Azure Log Analytics - Alerts Advice - azure

I have a question about azure log analytics alerts, in that I don't quite understand how the time frame works within the context of setting up an alert based on an aggregated value.
I have the code below:
Event | where Source == "EventLog" and EventID == 6008 | project TimeGenerated, Computer | summarize AggregatedValue = count(TimeGenerated) by Computer, bin_at(TimeGenerated,24h, datetime(now()))
For time window : 24/03/2019, 09:46:29 - 25/03/2019, 09:46:29
In the above the alert configuration interface insights on adding the bin_at(TimeGenerated,24h, datetime(now())) so I add the function, passing the arguments for a 24h time period.
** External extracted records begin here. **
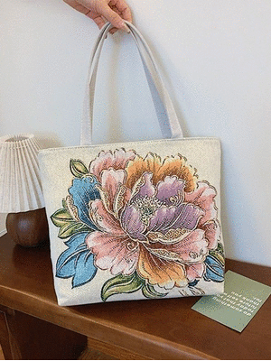 衣都精品- 新款大容量雙面刺繡手提托特包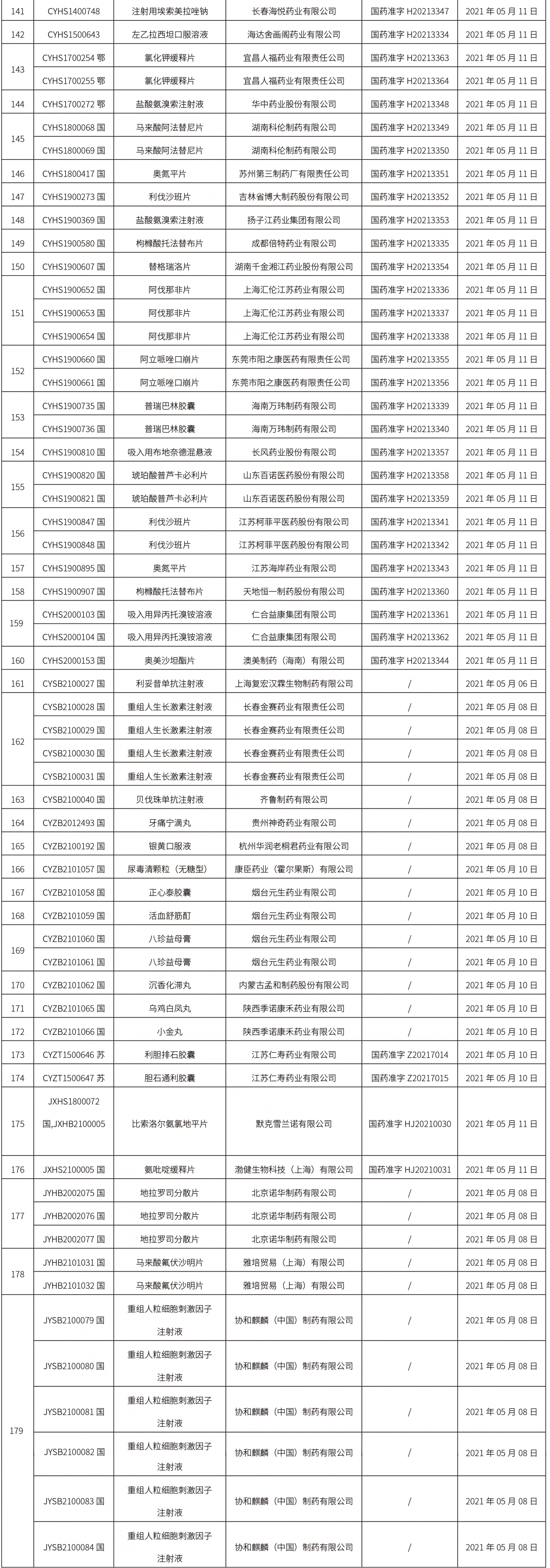 本周共計179批取得藥品批準證明文件,其中一致性評價品種34個。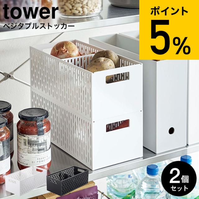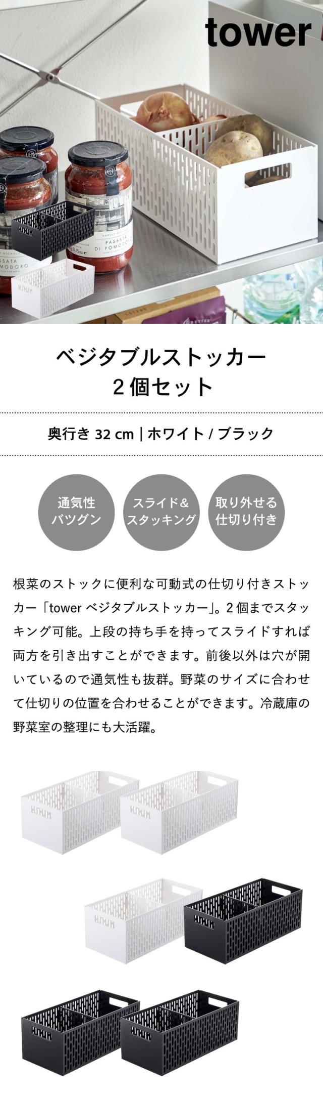 tower 山崎実業 送料無料 ベジタブルストッカー タワー 2個セット ホワイト ブラック 5020 5021 野菜ストッカー 野菜保存 保存容器 ストッカー 保存 収納 野菜収納 野菜 整理 スタッキング可能 通気性 スライド 可動式 仕切り付き タワーシリーズ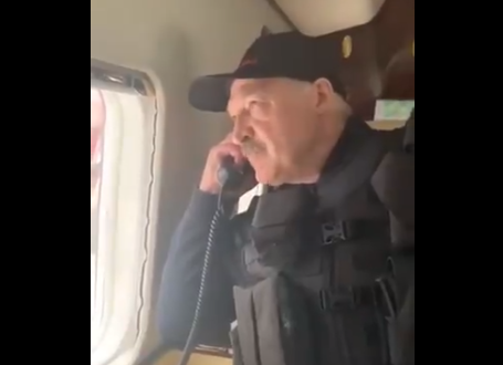 На кадрах Лукашенко дивиться з вікна вертольота на мітинг і просить пілота підлетіти ближче до проспекту. Потім він заявив, що протестуючі "розбіглися, як щури".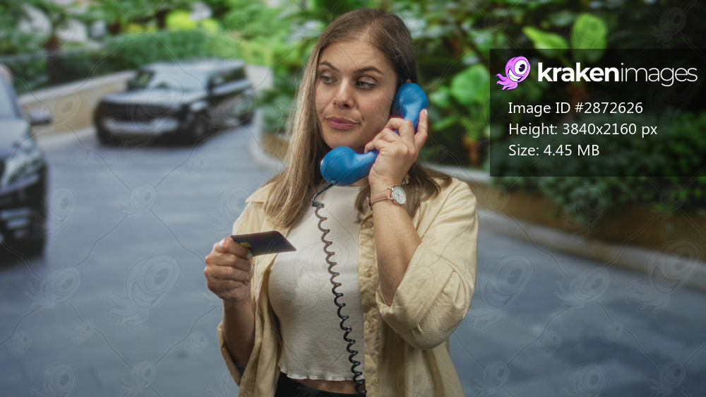 Young blonde woman stands on city street holding blue handset and examining creditcard with hand visible; uncertainty.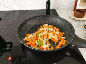 - Sauté the veggies with the celery stalk in the EVOO. Use all 3 tablespoons.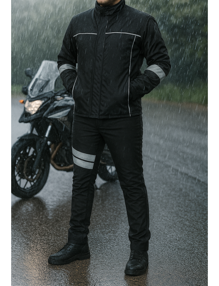 Motorcu Kışlık Su ve Rüzgar Geçirmez Reflektörlü Elyaflı Mont Pantolon Takım

If you are already adding this then what is the point of the time frame.
Basically the result I am looking for is capturing this event over a 24 hour period and alerting when the event count is over 2. I don't understand why a time window is also necessary on top of this because I just want to run the code every five minutes and alert if it detects more than two instances of this event.
Can anyone help with this?

AFAIK you may use the query something like shown below to accomplish your requirement of capturing the required event over a time period of 24 hour.
Event
| where Source == "EventLog" and EventID == 6008
| where TimeGenerated > ago(24h)
| summarize AggregatedValue= any(EventID) by Computer, bin(TimeGenerated, 1s)
The '1s' in this sample query is the time frame with which we are aggregating and getting the output from Log Analytics workspace repository. For more information, refer https://learn.microsoft.com/en-us/azure/kusto/query/summarizeoperator
And to create an alert, you may have to go to Azure portal -> YOURLOGANALYTICSWORKSPACE -> Monitoring tile -> Alerts -> Manager alert rules -> New alert rule -> Add condition -> Custom log search -> Paste any of the above queries under 'Search query' section -> Type '2' under 'Threshold value' parameter of 'Alert logic' section -> Click 'Done' -> Under 'Action Groups' section, select existing action group or create a new one as explained in the below mentioned article -> Update 'Alert Details' -> Click on 'Create alert rule'.
https://learn.microsoft.com/en-us/azure/azure-monitor/platform/action-groups
Hope this helps!! Cheers!! :)

To answer your question in the comments part, yes the alert insists on adding the bin function and that's the reason I have provided relevant query along with bin function by having '1s' and tried to explain about it in my previous answer.
If you put '1s' in bin function then you would fetch output from Log Analytics by aggregating value of any EventID in the timespan of 1second. So output would look something like shown below where aaaaaaa is considered as a VM name, x is considered as a particular time.
If you put '24h' instead of '1s' in bin function then you would fetch output from Log Analytics by aggregating value of any EventID in the timespan of 24hours. So output would look something like shown below where aaaaaaa is considered as a VM name, x is considered as a particular time.
So in this case, we should not be using '24h' in bin function along with 'any' aggregation because if we use it then we would see only one occurrence of output in 24hours of timespan and that doesn't help you to find out event occurrence count using the above provided query having 'any' for aggregation. Instead you may use 'count' aggregation instead of 'any' if you want to have '24h' in bin function. Then this query would look something like shown below.
Event
| where Source == "EventLog" and EventID == 6008
| where TimeGenerated > ago(24h)
| summarize AggregatedValue= count(EventID) by Computer, bin(TimeGenerated, 24h)
The output of this query would look something like shown below where aaaaaaa is considered as a VM name, x is considered as a particular time, y and z are considered as some numbers.
One other note is, all the above mentioned queries and outputs are in the context of setting up an alert based on an aggregated value i.e., setting up an alert when opting 'metric measurement' under alert logic based on section. In other words, aggregatedvalue column is expected in alert query when you opt 'metric measurement' under alert logic based on section. But when you say 'you get a count of the events' that means If i am not wrong, may be you are opting 'number of results' under alert logic based on section, which would not required any aggregation column in the query.
Hope this clarifies!! Cheers!!

Related

How to properly create once-a-day Azure Log Alert for pod errors?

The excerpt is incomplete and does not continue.